Training to operate from the ship with loadouts that represent the two core mission sets of the air wing’s fighter cadre—air defense and naval strike—makes total sense. Much debate has occurred in military aviation circles about just what type of loadouts these big navalized Flanker derivatives can lug off the deck with a little help from a ski jump. It’s not worth re-litigating this issue here, but multiple factors go into keeping these jets within their operating envelopes during launch. These include how much fuel they are carrying, the wind speed over the deck, as well as their external payload configuration. 

What we see here is likely representative of J-15 combat operations while maintaining a relevant fuel load, give or take a couple air-to-air missiles. These configurations are also roughly similar in weight to the loadouts we saw on Russian Su-33s operating off the coast of Syria aboard the Kuznetsov late last year. 

Youtube Screencap

The Liaoning’s visit to Hong Kong has become a e-ticket attraction for Hong Kong residents, with throngs of Hongkongers lining up, and some camping out in line to be able to get a ticket to tour the ship and three of her escorts. 

Reports state that just 2,000 tickets were going to be given out to the general public for the carrier’s historic visit, with another 1,600 being distributed to special persons and organizations. It is the first time the Liaoning has been opened up to large-scale public tours, or really any public access of any type. The Liaoning’s battle group is slated to be in Hong Kong from Friday to Tuesday.

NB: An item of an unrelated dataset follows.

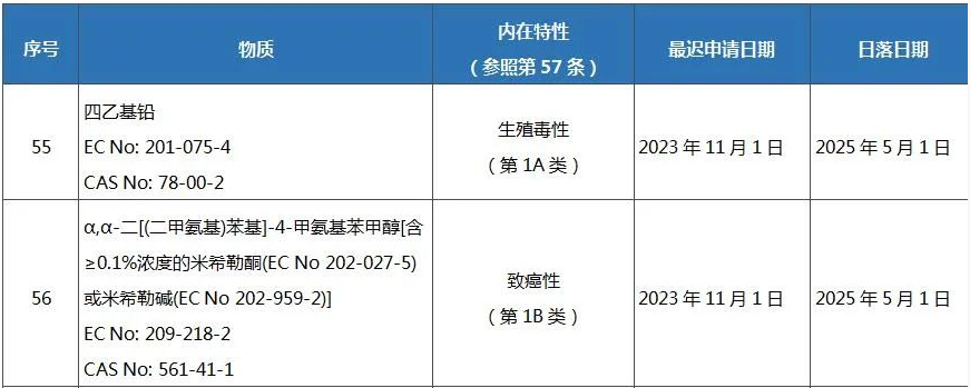 2022年4月11日,歐盟委員會在其官方公報(OJEU)發布法規(EU) 2022/586,將5項物質加入REACH附錄XIV授權物質清單,該法規將于官方公報公布后第20日開始生效。屆時,REACH法規授權物質清單將增至59項。

The visit also comes as China has been on quite the roll when it comes to very high-profile events related to the country’s ongoing naval buildup. The People’s Liberation Army Navy launched its biggest and most powerful modern surface combatant, the Type 055 Destroyer, last week and its first indigenously-built aircraft late last April. The weekends festivities are sure to make international headlines, especially in countries in the region who are deeply concerned with China’s increasingly potent military might. 

In addition to the Liaoning, and many other examples of Chinese military hardware, the PLAAF’s most prized aircraft, the stealth J-20, is also rumored to make an appearance in Hong Kong this weekend for the celebration.